YOUR GOAL: Beginning with the line that contains "Amber stone with Roman coin.", print each line to the end of the data exactly. Omit the pictures.

PROVIDED MATERIAL:
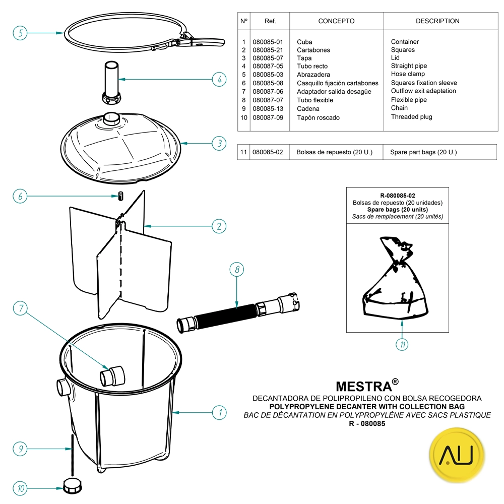 El decantador de plástico de Mestra tiene una capacidad de 19 litros. Fabricada con polipropileno de alta resistencia, esta unidad ha sido diseñada pensando en la facilidad de limpieza, permitiendo que los residuos se depositen directamente en una bolsa plástica para una gestión higiénica. Su tapa cuenta con un sellado hermético que bloquea eficazmente la propagación de olores desagradables. Además, su estructura compacta y dimensiones estratégicas la convierten en la opción ideal para instalar cómodamente bajo el fregadero.
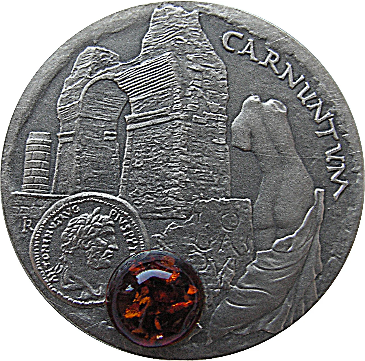 Amber stone with Roman coin.
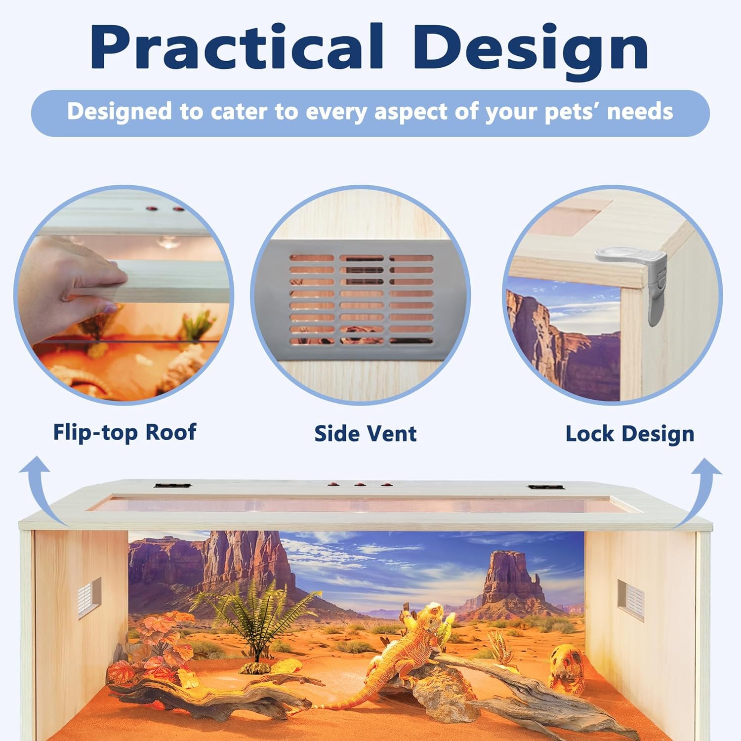 - 【Built-in Bulb Sockets】Featuring two built-in bulb sockets (three in the 40&48-inch version) compatible with E27 heat bulbs, night lights, and more (bulbs not included). Easily set up your lighting for the perfect reptile habitat.
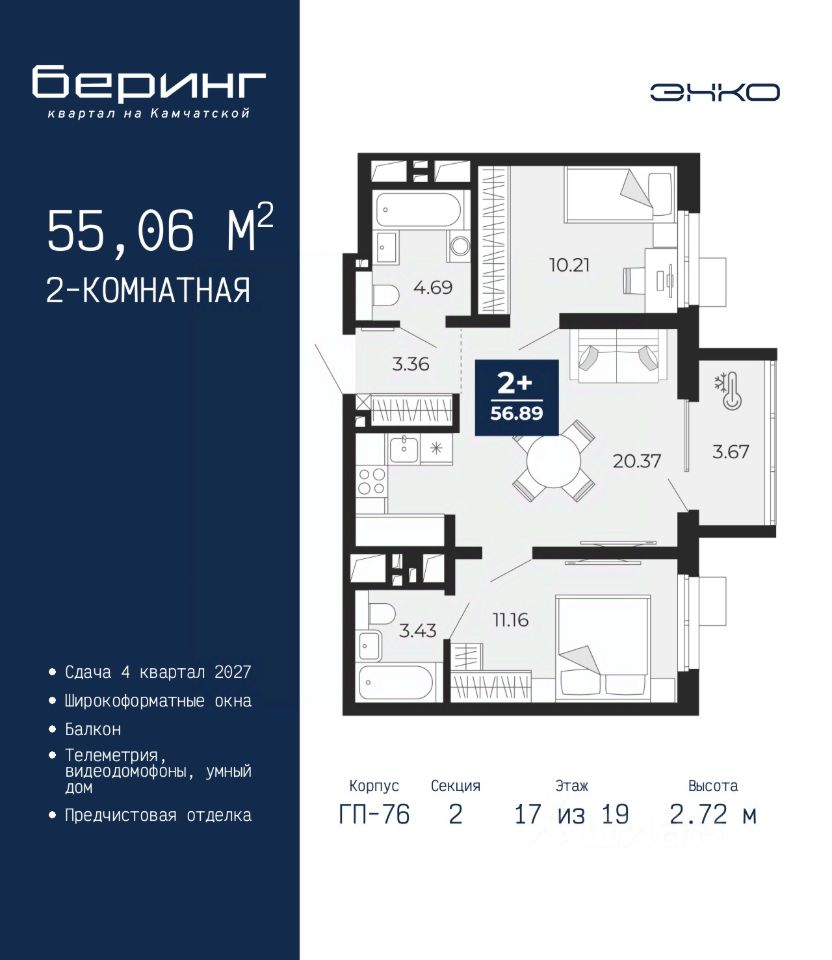 Двухкомнатная квартира с предчистовой отделкой в ЖК ''Беринг'' на 17 этаже. Общая площадь: 55.06 кв.м., жилая: 21.37 кв.м., площадь просторной кухни-столовой: 20.37 кв.м. Комнаты изолированные, все окна выходят на одну сторону. В квартире один балкон, два совмещенных санузла. Высота потолков 2.72 м.

SOLUTION TO THIS EXERCISE:
 Amber stone with Roman coin.
 - 【Built-in Bulb Sockets】Featuring two built-in bulb sockets (three in the 40&48-inch version) compatible with E27 heat bulbs, night lights, and more (bulbs not included). Easily set up your lighting for the perfect reptile habitat.
 Двухкомнатная квартира с предчистовой отделкой в ЖК ''Беринг'' на 17 этаже. Общая площадь: 55.06 кв.м., жилая: 21.37 кв.м., площадь просторной кухни-столовой: 20.37 кв.м. Комнаты изолированные, все окна выходят на одну сторону. В квартире один балкон, два совмещенных санузла. Высота потолков 2.72 м.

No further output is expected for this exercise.